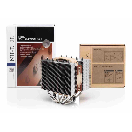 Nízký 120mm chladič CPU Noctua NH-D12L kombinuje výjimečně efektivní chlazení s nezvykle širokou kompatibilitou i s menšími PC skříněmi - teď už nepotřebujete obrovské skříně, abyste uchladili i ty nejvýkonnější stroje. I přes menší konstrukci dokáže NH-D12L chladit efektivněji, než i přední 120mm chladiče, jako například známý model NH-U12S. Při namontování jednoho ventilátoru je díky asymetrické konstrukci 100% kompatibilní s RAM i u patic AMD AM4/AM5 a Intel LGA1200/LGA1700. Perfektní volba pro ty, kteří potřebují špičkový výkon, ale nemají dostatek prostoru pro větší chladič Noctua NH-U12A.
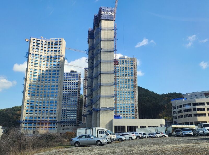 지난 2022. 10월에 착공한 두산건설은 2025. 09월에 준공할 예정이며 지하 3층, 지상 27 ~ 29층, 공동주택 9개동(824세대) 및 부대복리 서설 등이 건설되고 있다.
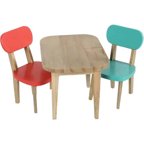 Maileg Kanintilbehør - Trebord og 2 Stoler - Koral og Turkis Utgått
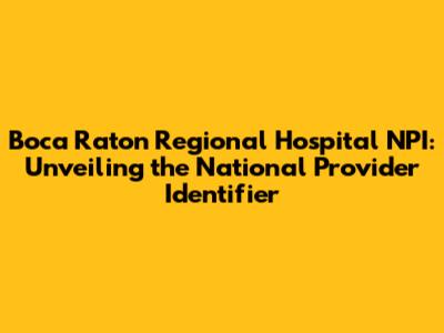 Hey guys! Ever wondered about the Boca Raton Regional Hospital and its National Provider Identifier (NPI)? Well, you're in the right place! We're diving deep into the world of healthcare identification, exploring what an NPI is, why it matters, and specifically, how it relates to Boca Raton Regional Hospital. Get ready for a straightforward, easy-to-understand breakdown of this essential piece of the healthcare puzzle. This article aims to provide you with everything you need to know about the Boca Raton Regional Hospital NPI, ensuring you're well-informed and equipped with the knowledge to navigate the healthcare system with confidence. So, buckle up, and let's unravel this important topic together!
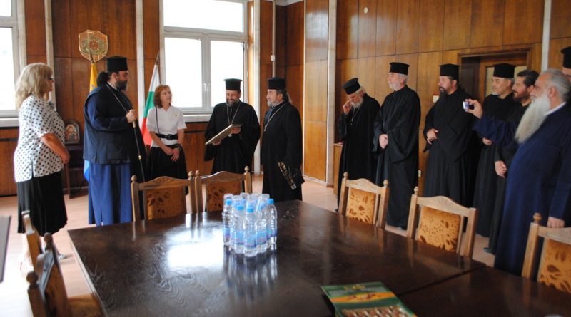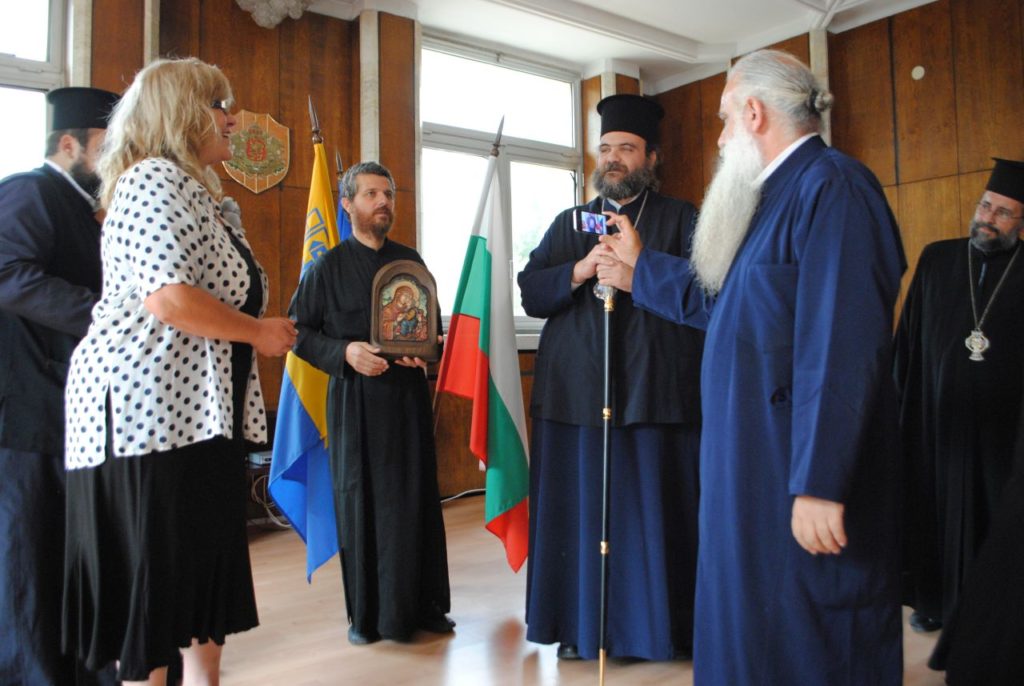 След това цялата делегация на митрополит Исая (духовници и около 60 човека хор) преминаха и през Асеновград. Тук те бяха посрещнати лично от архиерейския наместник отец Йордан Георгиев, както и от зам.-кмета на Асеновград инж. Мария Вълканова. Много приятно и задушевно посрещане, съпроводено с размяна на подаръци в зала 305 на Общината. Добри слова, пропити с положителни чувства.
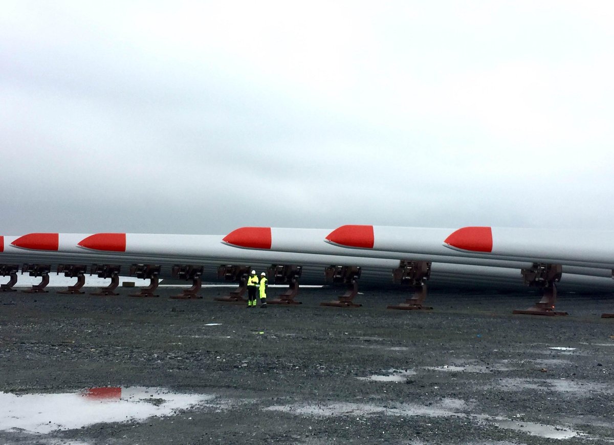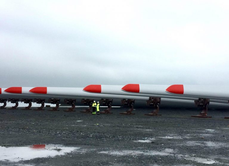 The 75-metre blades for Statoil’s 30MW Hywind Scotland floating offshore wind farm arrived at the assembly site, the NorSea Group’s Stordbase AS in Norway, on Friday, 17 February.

########

Problem to solve.
Return word for word the lines of the listing above, starting at the line with "Maileg Kanintilbehør - Trebord" and ending at the line with "Hey guys! Ever", both included. Pictures do not belong in the copy.

Task output.
 Maileg Kanintilbehør - Trebord og 2 Stoler - Koral og Turkis Utgått
 Hey guys! Ever wondered about the Boca Raton Regional Hospital and its National Provider Identifier (NPI)? Well, you're in the right place! We're diving deep into the world of healthcare identification, exploring what an NPI is, why it matters, and specifically, how it relates to Boca Raton Regional Hospital. Get ready for a straightforward, easy-to-understand breakdown of this essential piece of the healthcare puzzle. This article aims to provide you with everything you need to know about the Boca Raton Regional Hospital NPI, ensuring you're well-informed and equipped with the knowledge to navigate the healthcare system with confidence. So, buckle up, and let's unravel this important topic together!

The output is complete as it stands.